Task description: Your copy must start with the line containing "Women's Natural Baroque" and end with the last line of the entries, matching them exactly and leaving out every picture.

Data:
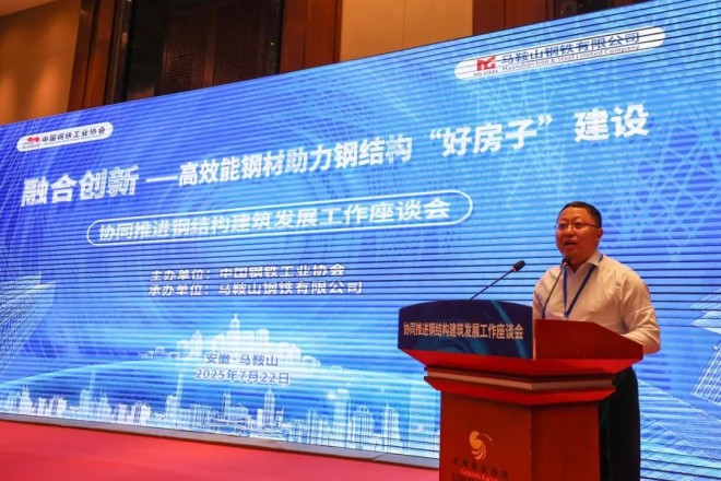 7月22日,由中國鋼鐵工業協會主辦、馬鞍山鋼鐵有限公司承辦的以融合創新——高效能鋼材助力鋼結構“好房子”建設為主題的協同推進鋼結構建築發展工作座談會在安徽馬鞍山召開。
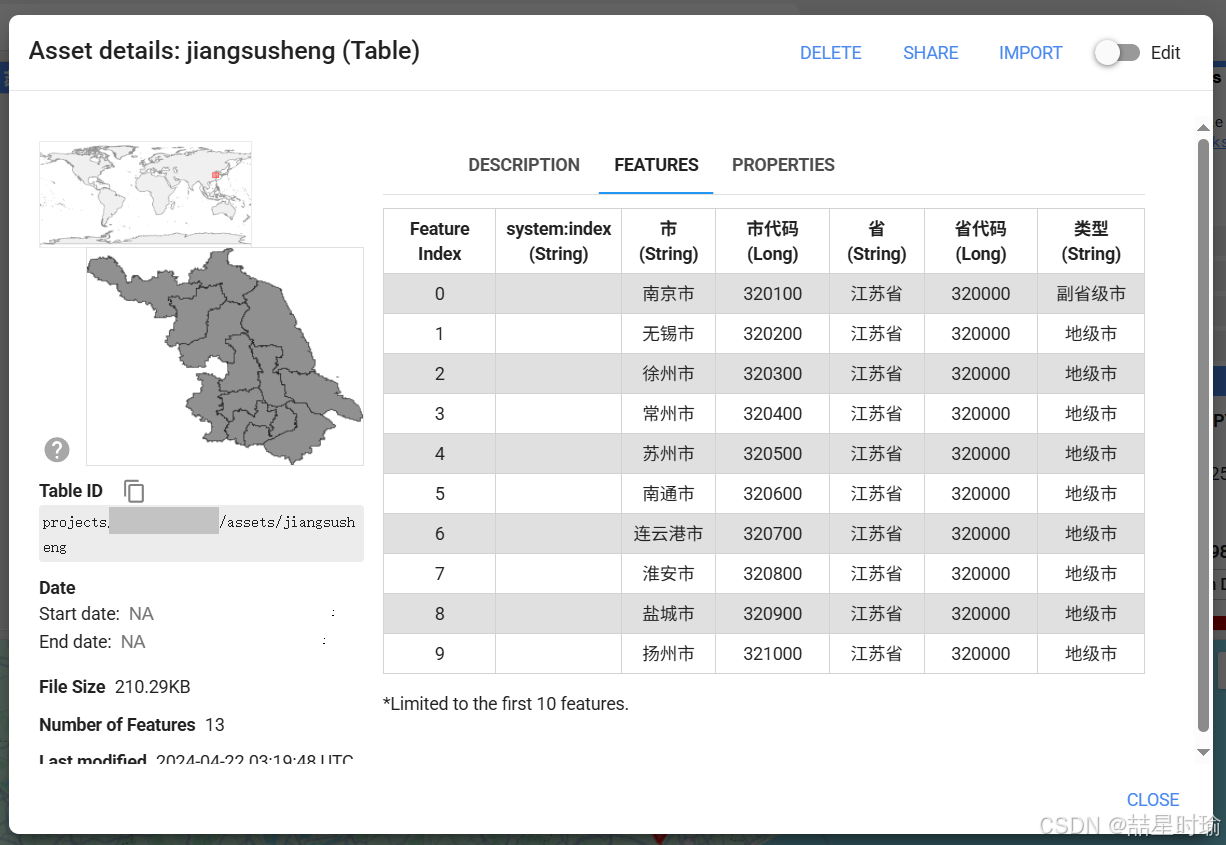 var suzhou = ee.FeatureCollection('projects/your_project_id/assets/suzhoushi');// 查看结果
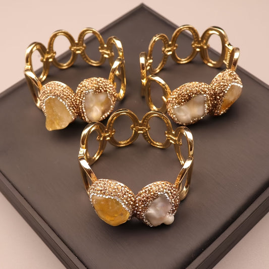 Women's Natural Baroque Odd-shaped Pearl Open Bracelet Chunky French Bracelet Middle East Ramadan European and American Fashion Personality Exaggerated Bracelet Titanium Steel Gold Plated Baroque Pearl Natural Stone Amethyst
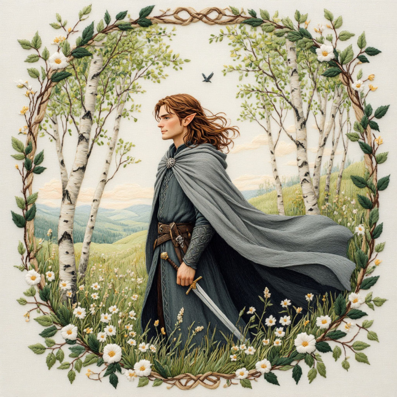Пыталась сгенерировать портрет Арагорна - а получился рыжий эльф. Будет Маэдросом)
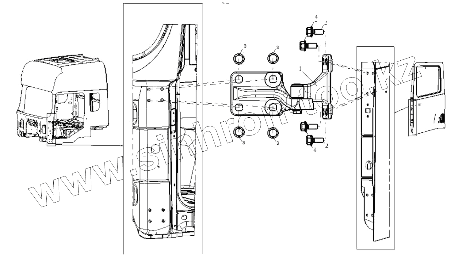 Каталог запасных частей к технике: Shaanxi Shacman SX42584V324. DOOR HINGE LEFT
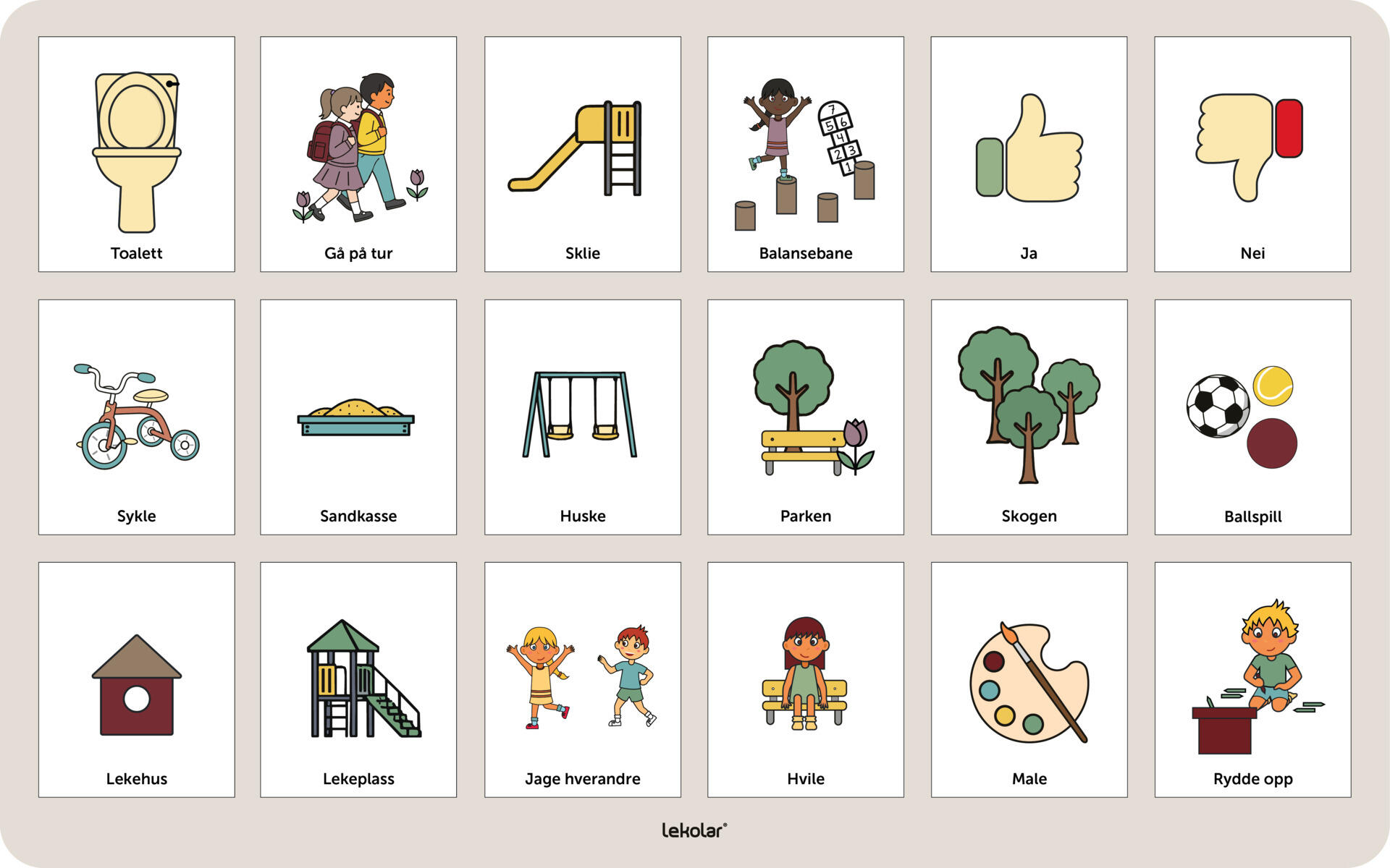 Vårt utendørsskilt er utviklet for å styrke inkluderingen i utemiljøet. Skiltet støtter barna i å tydeliggjøre situasjoner, behov og aktiviteter gjennom klare og lett forståelige symboler. Bildestøtten gjør kommunikasjonen enklere, reduserer usikkerhet og gir barna mulighet til å uttrykke behov og følelser, også i miljøer der dette ellers kan være vanskelig.

Your response:
 Women's Natural Baroque Odd-shaped Pearl Open Bracelet Chunky French Bracelet Middle East Ramadan European and American Fashion Personality Exaggerated Bracelet Titanium Steel Gold Plated Baroque Pearl Natural Stone Amethyst
Пыталась сгенерировать портрет Арагорна - а получился рыжий эльф. Будет Маэдросом)
 Каталог запасных частей к технике: Shaanxi Shacman SX42584V324. DOOR HINGE LEFT
 Vårt utendørsskilt er utviklet for å styrke inkluderingen i utemiljøet. Skiltet støtter barna i å tydeliggjøre situasjoner, behov og aktiviteter gjennom klare og lett forståelige symboler. Bildestøtten gjør kommunikasjonen enklere, reduserer usikkerhet og gir barna mulighet til å uttrykke behov og følelser, også i miljøer der dette ellers kan være vanskelig.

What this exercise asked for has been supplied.